Veterans Have An Urgent Need for Better Healthcare
Veterans are American heroes that deserve the highest level of respect, care and dignity that our nation can offer. Yet, Uncle Sam has fallen short on the promise to have the backs of the men and women who wore the uniform. This Veterans Day there may be no better way to honor those who served than having a national call to action to reform how we care for veterans health and wellbeing.
American veterans face two serious crises. Suicide and chronic diseases. While the same can be said of the American population at-large, the trends are more alarming among Veterans.
Veteran suicide rates are 1.5 times higher than the general population, according to the American Foundation for Suicide Prevention. The U.S. Department of Veterans Affairs (VA) says that nearly 17 veterans committed suicide per day in 2020.
There are roughly double the number of veterans with multiple chronic conditions, compared to the general population. Arthritis and hypertension are two of the most common illnesses, but veterans also seem to have a higher level of metabolic conditions, like obesity and diabetes, pain and mental health conditions.
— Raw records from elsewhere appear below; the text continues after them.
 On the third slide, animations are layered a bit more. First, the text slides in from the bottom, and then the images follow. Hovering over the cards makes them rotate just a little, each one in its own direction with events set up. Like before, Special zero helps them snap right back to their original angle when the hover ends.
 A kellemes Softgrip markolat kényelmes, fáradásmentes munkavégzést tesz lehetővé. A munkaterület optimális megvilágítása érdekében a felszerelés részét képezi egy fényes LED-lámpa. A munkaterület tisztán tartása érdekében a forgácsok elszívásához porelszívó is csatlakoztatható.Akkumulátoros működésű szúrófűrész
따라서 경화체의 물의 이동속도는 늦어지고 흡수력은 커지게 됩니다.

The VA provides medical care directly to veterans through the Veterans Health Administration (VHA), which is a fully government-run health system. The federal government not only funds the VHA, it owns and operates the nation’s largest health system.
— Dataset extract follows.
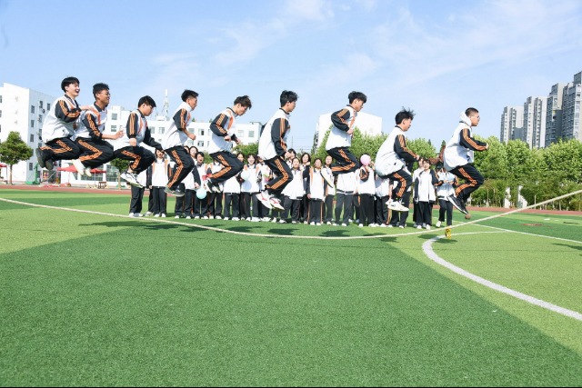 江蘇省連云港市東海縣第二中學(xué)高三學(xué)生在跳繩游戲中放松心情、釋放壓力。張玲 攝
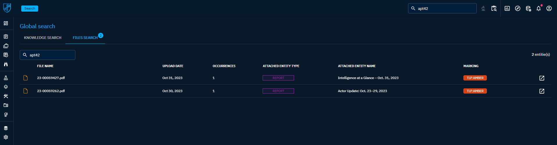 It's possible to extend the global search by keywords to the content of documents uploaded to the platform via the Data import tab, or directly linked to an entity via its Data tab.

Government spending on the VA is growing faster than any other federal agency. The administration’s discretionary budget request for the VA for fiscal year 2023 was $139 billion, a 19 percent increase over the previous year. The department employs 436,000 full time employees. Since 2001, the VA budget grew by more than 400 percent.
What do veterans receive in return for all this federal spending? Absolutely disastrous healthcare. VHA is highly bureaucratic, inefficient and scandal-ridden.
The most high profile failure was in 2014. The wait times for the VA hospital in Phoenix were being manipulated to meet the expected targets. This led to multiple investigations and audits that continue today. And yet, problems persist almost a decade later.
Last June, the U.S. Government Accountability Office (GAO) sent a letter to the Secretary of the VA that outlined 22 priorities the federal agency needs to address. The GAO specifically states that “since 2012, we and others have expressed concerns about the VHA difficulties in providing and effectively overseeing timely access to healthcare for veterans, including primary care.” Other concerns outlined by the GAO include wait times in the Community Care program, personnel management, patient safety and quality of care, as well as suicide prevention.
The MISSION Act of 2018 was intended to strengthen the nationwide VA Health Care System by empowering Veterans with more health care options. When the VHA can’t deliver the care required, the agency is expected to pay other health care systems that can provide the required care.
A fundamental flaw of the MISSION Act is that they did not shift the decision making power from the government administrators to the actual patients. The law requires prior authorization from the VHA for any outside care, which means VHA administrators to overrule doctors and block access to care. Recent investigations have shown that the bureaucracy is fighting back with heavy handed tactics to keep patients and funding under their control, rather than provide veterans with the best care available.
Today’s VHA model evolved from the post-World War II era when private health services were not capable of serving the needs of a growing veteran population. That is no longer the case.
Policymakers keep trying to salvage a department that repeatedly fails. More money and incremental reform is not working. Enough is enough.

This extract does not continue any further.